Hint: Use the expression for the mirror formula. This expression gives the relation between the focal length of mirror, object distance and image distance from the mirror. Also use the formula for the magnification of the mirror. Recall the sign of the magnification term if the image formed is real.

Formula used:
The expression for the mirror formula is given by
\[\dfrac{1}{f} = \dfrac{1}{u} + \dfrac{1}{v}\] …… (1)
Here, \[f\] is the focal length of the mirror, \[u\] is the distance of the object from the mirror and \[v\] is the distance of the image from the mirror.
The formula for the magnification of the mirror is
\[m = - \dfrac{v}{u}\] …… (2)
Here, \[m\] is the magnification of the mirror, \[u\] is the object distance from the mirror and \[v\] is the image distance from the mirror.

Complete step by step answer:
We have given that the focal length of the mirror is \[f\].
Also the magnification of the image is \[x\] times the size of the object.
The image formed by the mirror is a real image.
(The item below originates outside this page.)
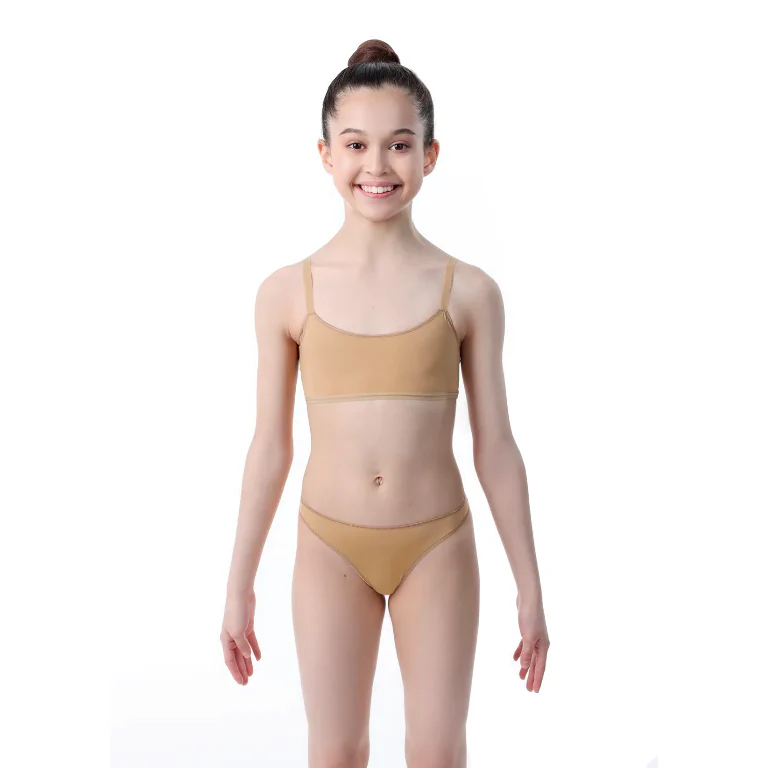Braga mini beige con pierna alta y fuelle de algodón. Los bordes del producto se procesan con cinta de silicona, un barril estrecho.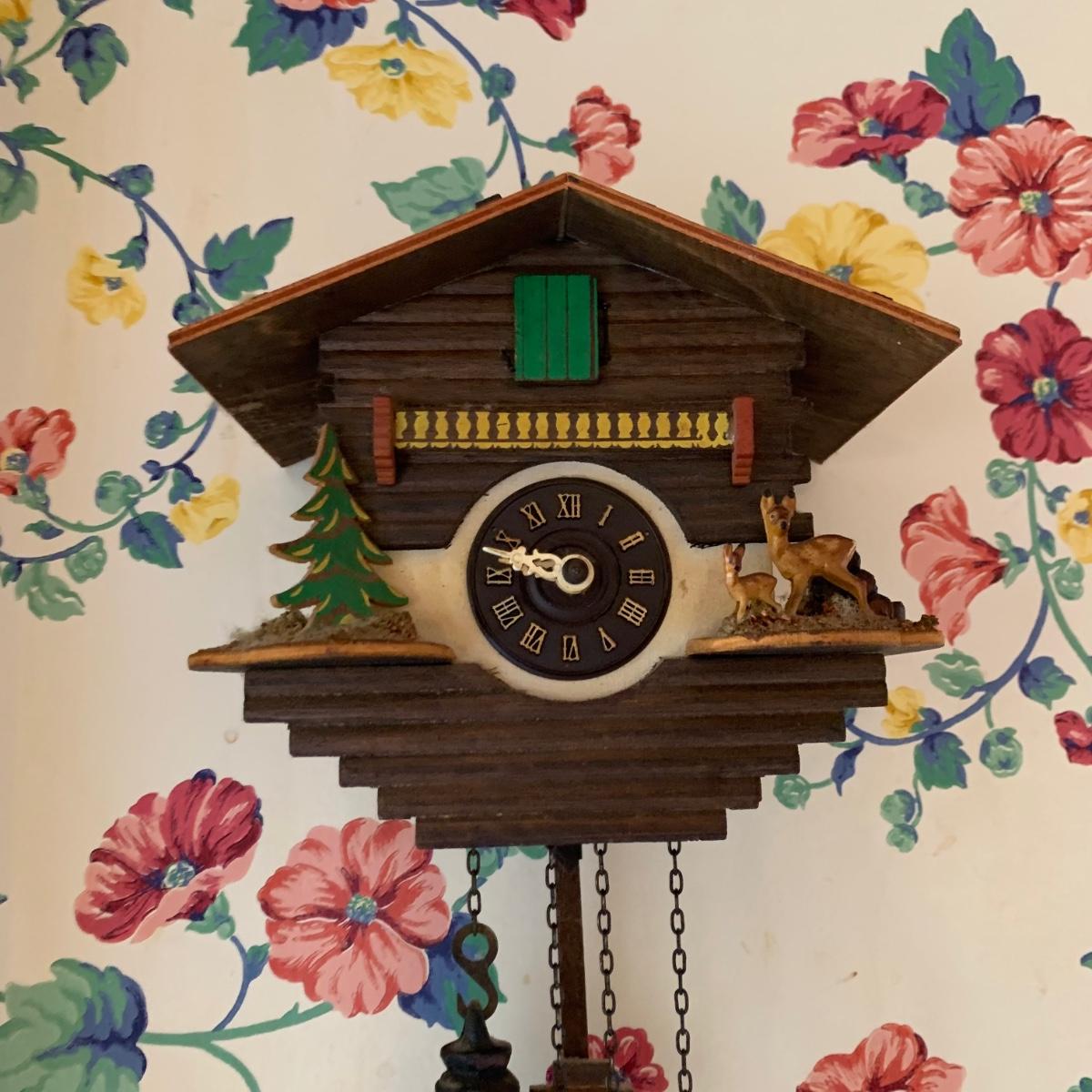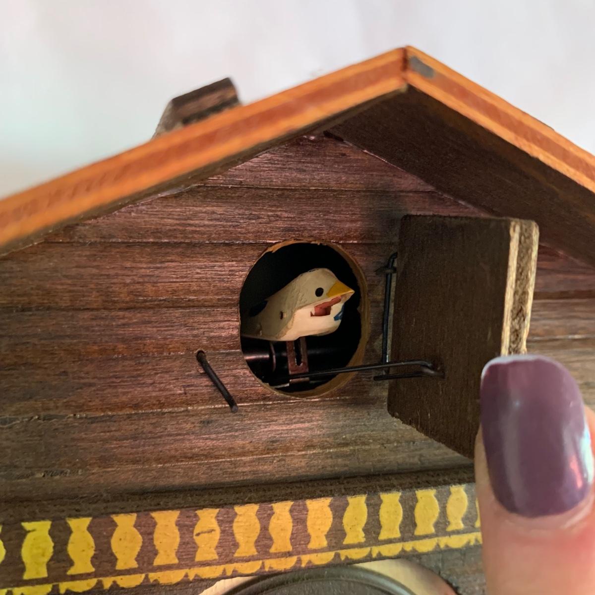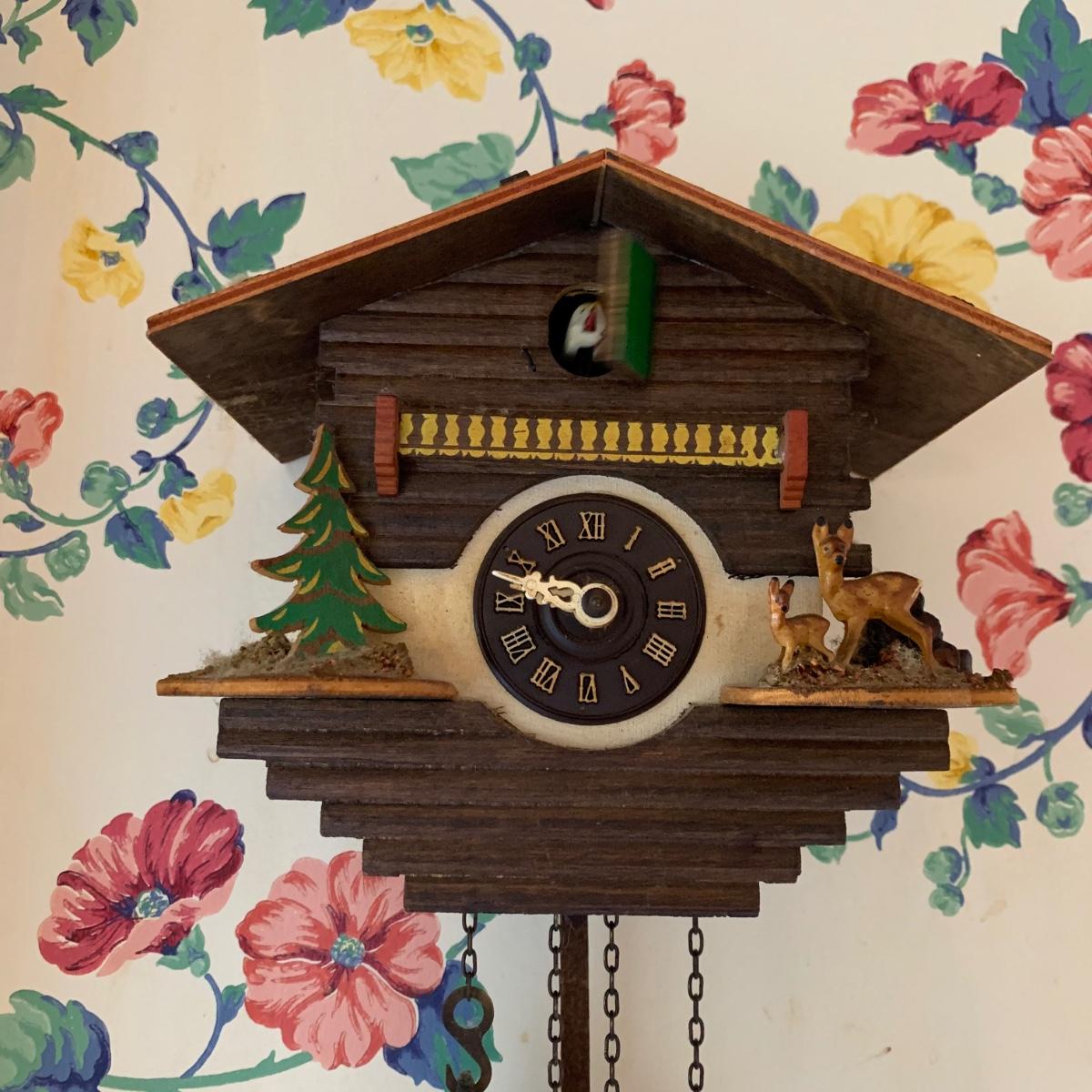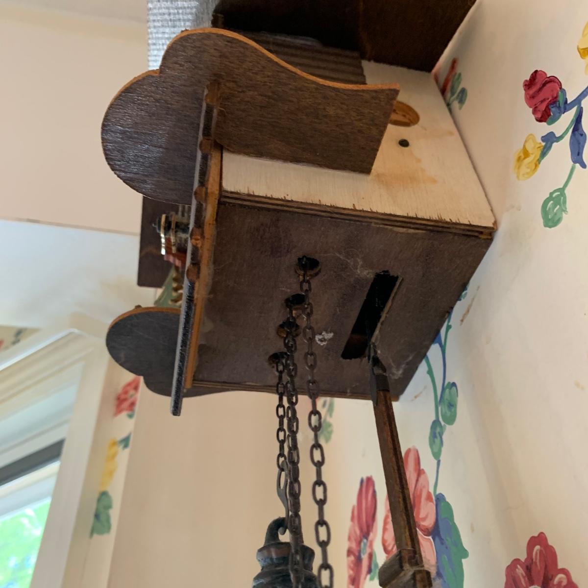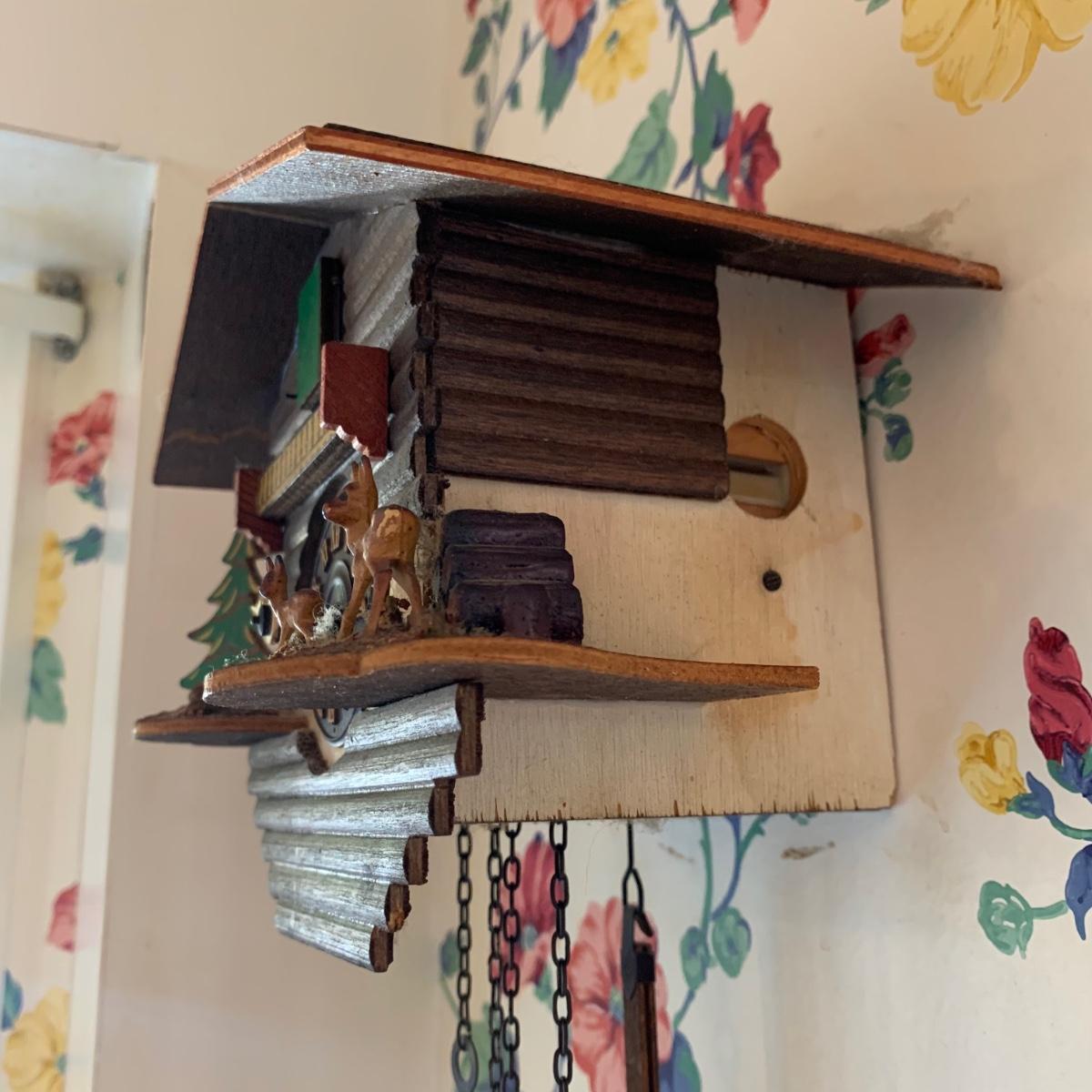 Functioning wooden cuckoo clock from Marie’s Fine Jewelry and Timepieces. Clock has metal chains and weights. Cuckoo clock measures approximately 7.5” x 5” x 6”. It is a bit dusty, but otherwise seems to be in good condition. Clock was not tested for accuracy.

If the image formed by the mirror is real, then the magnification of the mirror should be negative.
Determine the relation between the magnification of image, object distance from the mirror and image distance from the mirror using equation (2).
Substitute \[ - x\] for \[m\] in equation (2).
\[ - x = - \dfrac{v}{u}\]
\[ \Rightarrow x = \dfrac{v}{u}\]
Rearrange the above equation for the image distance \[v\] from the mirror.
\[v = ux\]
Now let us determine the relation between the distance of an object from the mirror, magnification of the mirror and the focal length of the mirror.
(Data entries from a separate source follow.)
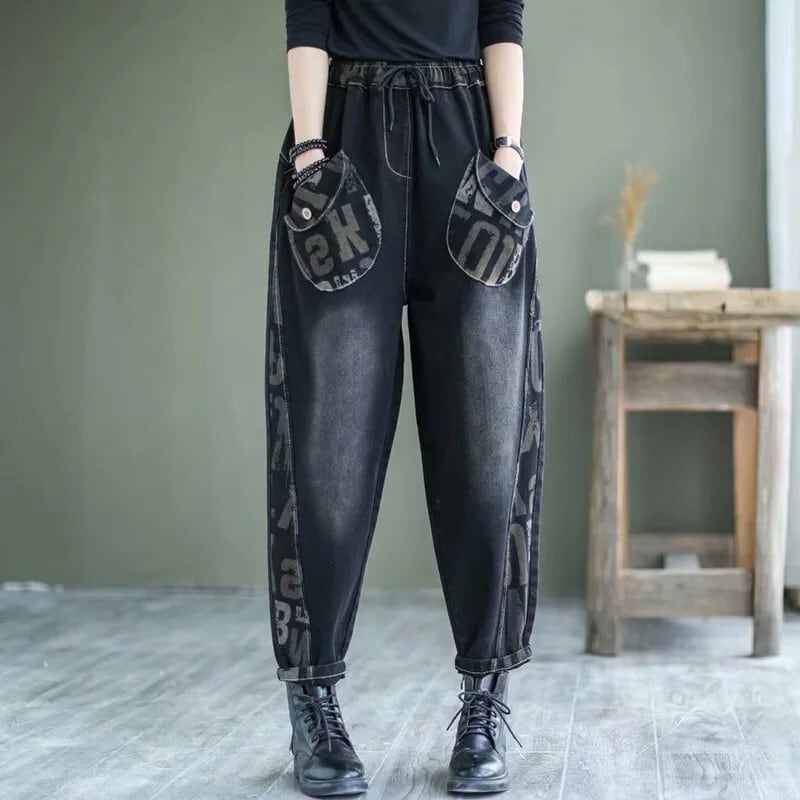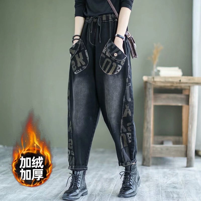 ファットシスターデニムハーレムパンツ女性の秋 2021 冬服ルーズ大きいサイズプリントユーズド加工ベルベットキャロットパンツ 大きめサイズ オータム 秋物 ウィンター 冬物 sine74808664840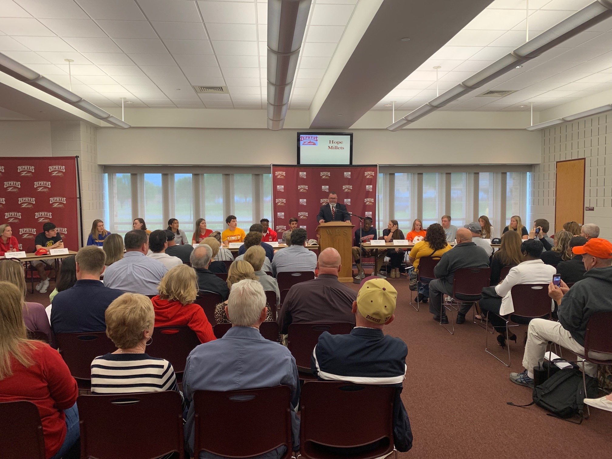 More than twenty students were on hand representing 15 different sports programs. Four student-athletes will continue participating in Soccer and Swimming while three will move on to play Football with a host of others taking part in many other sports.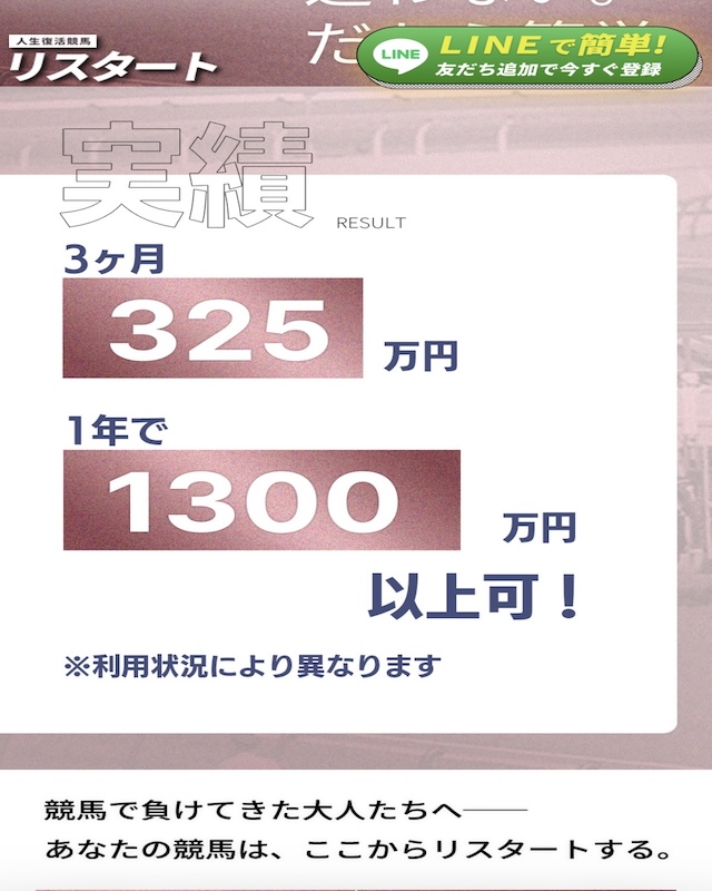 そんなリスタートの予想に乗ると稼げるのか、馬ラボが実際に利用して明らかにしていきます。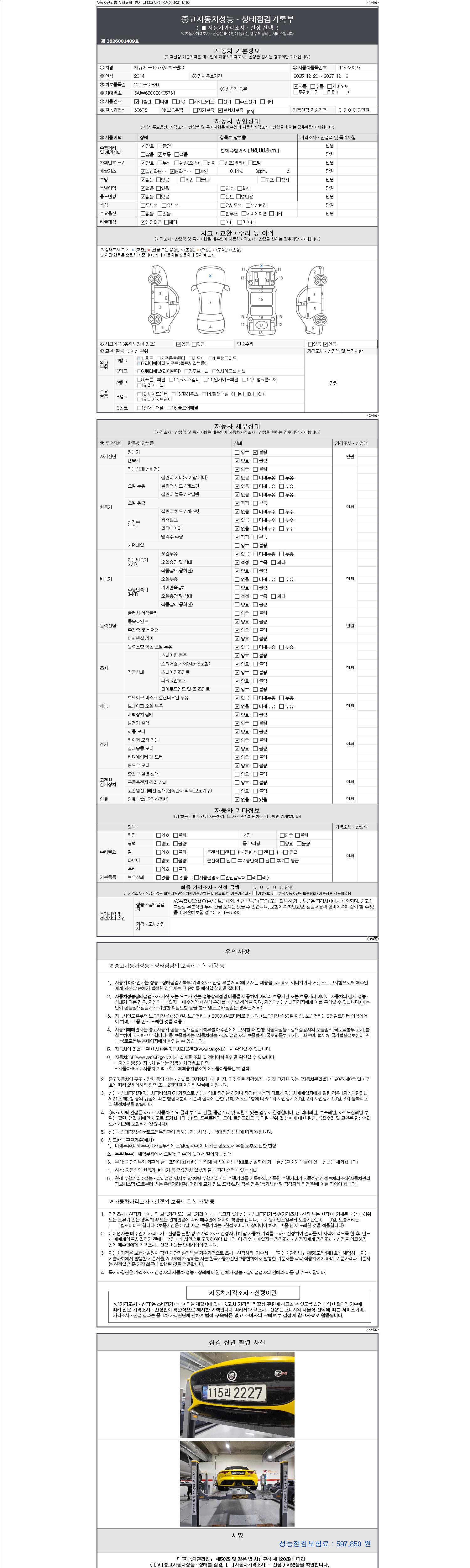 -중고자동차 매매업자를 통해 차량을 구입하실 경우 반드시 "중고자동차 성능, 상태점검 기록부"를 교뷰 받으셔야 하며, 매매업자는 반드시 의무 교부 하여야 압니다.

Substitute \[ux\] for \[v\] in equation (1) and solve it for \[u\].
\[\dfrac{1}{f} = \dfrac{1}{u} + \dfrac{1}{{ux}}\]
\[ \Rightarrow \dfrac{1}{f} = \dfrac{{ux + u}}{{{u^2}x}}\]
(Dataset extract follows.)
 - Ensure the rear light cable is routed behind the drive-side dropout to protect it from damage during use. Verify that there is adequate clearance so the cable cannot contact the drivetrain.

\[ \Rightarrow \dfrac{1}{f} = \dfrac{{u\left( {x + 1} \right)}}{{{u^2}x}}\]
\[ \Rightarrow \dfrac{1}{f} = \dfrac{{\left( {x + 1} \right)}}{{ux}}\]
\[ \Rightarrow u = \dfrac{{\left( {x + 1} \right)f}}{x}\]
Therefore, the distance of the object from the mirror is \[\dfrac{{\left( {x + 1} \right)f}}{x}\].

Hence, the correct option is B.

Note:
The students should not forget to use the negative sign for the magnification of the real image formed by the mirror. This is because if the image formed by the plane mirror is real then it is also inverted which means that the height of the image should be measured on a negative axis.